I took a few deep breaths and tried to process what was happening. I just kissed Spinner. But I'm not gay. I can't be.
I lowered my head and felt my cheeks start to get wet. Tears that dripped slowly eventually became heavy sobs that wracked my entire body. Luckily for me, there was no one around to see me cry.
Marco
I waited until Paige and I were up in my room to ask her any more questions. She sat on my bed, playing with the bottom of her shirt. Her right leg bounced up and down and she refused to look at me.
"Paige," I said softly. I pulled the chair from my desk over near the bed and sat across from her. "Paige," I repeated.

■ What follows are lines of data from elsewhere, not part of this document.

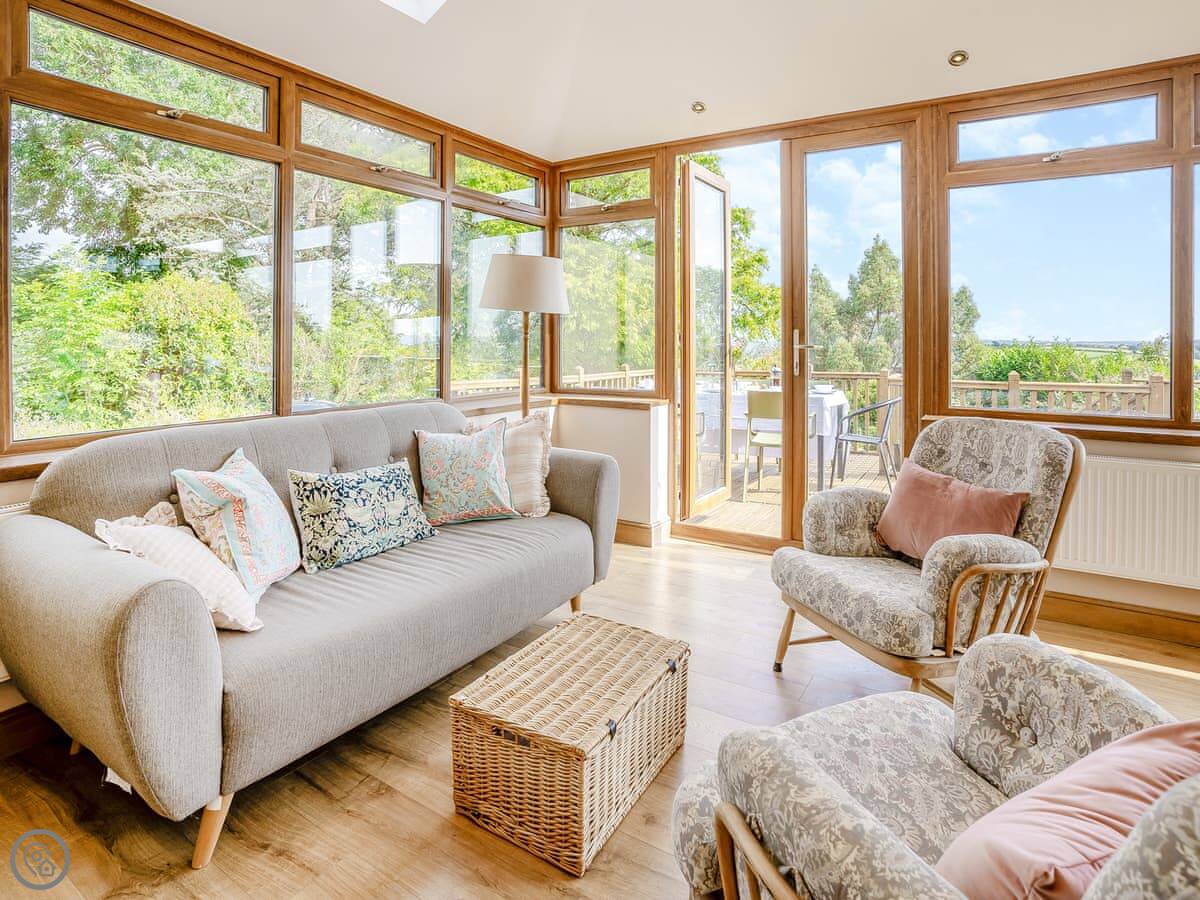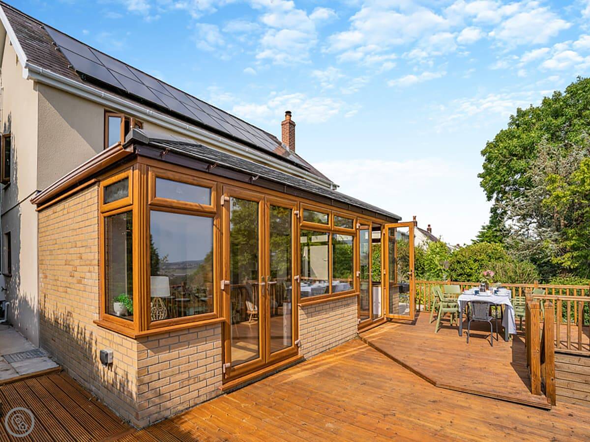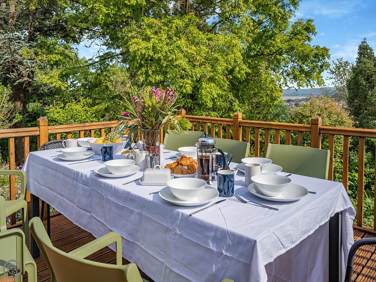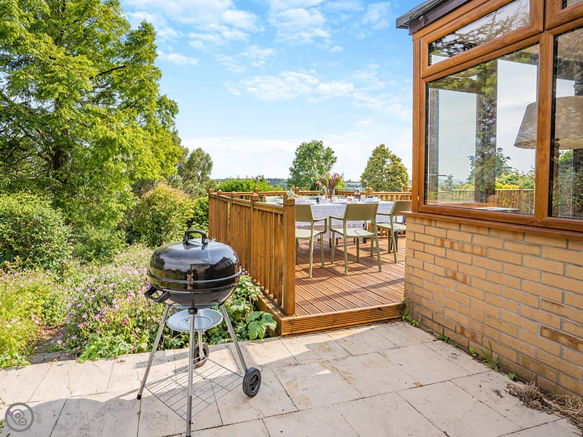 There's a big deck with a table outside. The garden is enclosed. The driveway takes two cars and there's a garage too. You can put bikes or kit in there.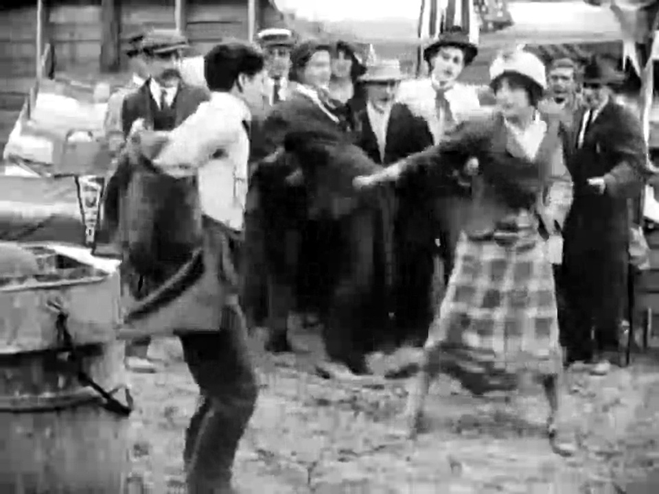 Charlie tries his hand at hot dog selling, hoping to make a quick buck after he eats his fill, but the racetrack customers are no nicer to him than they were to Mabel and a brawl ensues. Determined to recover her stolen property, Mabel enters the fray and soon she and Charlie are battling one-on-one. They kick and punch and finally both burst into tears and wander off arm-in-arm.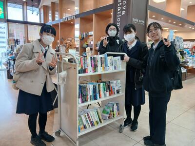3月26日(木)、図書委員の代表生徒4名が書店を訪れ、本校図書館に新たに配架してほしい図書の選書を行いました。事前に図書委員をはじめ全校のみなさんを対象として、読んでみたい本や図書館に置いてほしい本についてアンケートを実施していましたが、実際に書店で本を手に取ることで、新たな興味関心が広がり、当初の候補以外にも多くの魅力的な書籍と出会うことができました。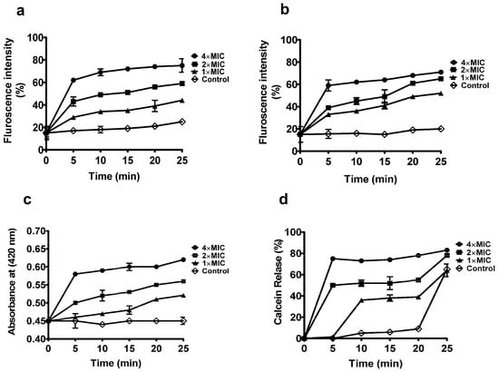 Moreover, a colorimetric and spectrophotometric substrate (ONPG) is usually used to measure the β-galactosidase activity in the inner membrane. To assess the effect of peptide YS12 on the inner membrane of E. coli, ONPG was used as β-galactosidase. The bacterial cytoplasmic membrane consists of negatively charged hydroxyl phospho-lipids, which facilitate the binding of cationic AMPs []. In Figure 5c, peptide YS12 caused rapid permeabilization of the E. coli membrane. The fluorescence intensity was gradually increased in a time- and concentration-dependent manner. The experimental results using PI and ONPG demonstrated that the peptide YS12 affected the integrity of the bacterial inner membrane, which ultimately led to cell death. Furthermore, by measuring the release of calcein from negatively charged liposomes, the membrane permeabilization capability of peptide YS12 was also detected. Peptide YS12 resulted in membrane disruption by inducing over 80% calcein leakage from calcein-loaded liposomes at the highest concentration of 4 × MIC (Figure 5d). Collectively, our results revealed that the peptide YS12 damaged the bacterial membrane by increasing PI intake, cytoplasmic-galactosidase release, and calcein release. These results would provide a better understanding of the mechanism of action of antimicrobial peptides (AMPs). Other studies also suggested that the antimicrobial peptides (AMPs) treatment enhanced bacterial membrane destruction [,].

She kept her head down and started at her feet, but she finally answered me.
"What?"
"The cuts on your stomach…" I began. "…did Steve do that to you?" Her leg stopped bouncing and I saw her swallow hard.
"He…" she didn't say another word; instead, she started to cry. I instinctively wrapped my arms around her. Paige laid her head on my shoulder and started to soak my shirt.
"If he's hurting you, we have to tell someone. You have to get away from him," I told her. I felt her shake her head.
"He didn't do that," she choked out.
"Then who did?" I asked. I rubbed her back and tried to think of anyone else who would hurt her like that. The only person she was close to was Jay but I didn't say his name because I figured she'd freak out. She whispered something but I didn't hear her. "What?" I asked.
"I did," she said louder. I pulled back from her and looked at her in surprise.
"Paige," I said, my voice full of sympathy and shock. "Why would you…?" I put my hand under her chin and lifted it up so she would look at me. "Why would you hurt yourself like that?"
"You wouldn't understand," she said. She was still angry, but she had calmed down a little.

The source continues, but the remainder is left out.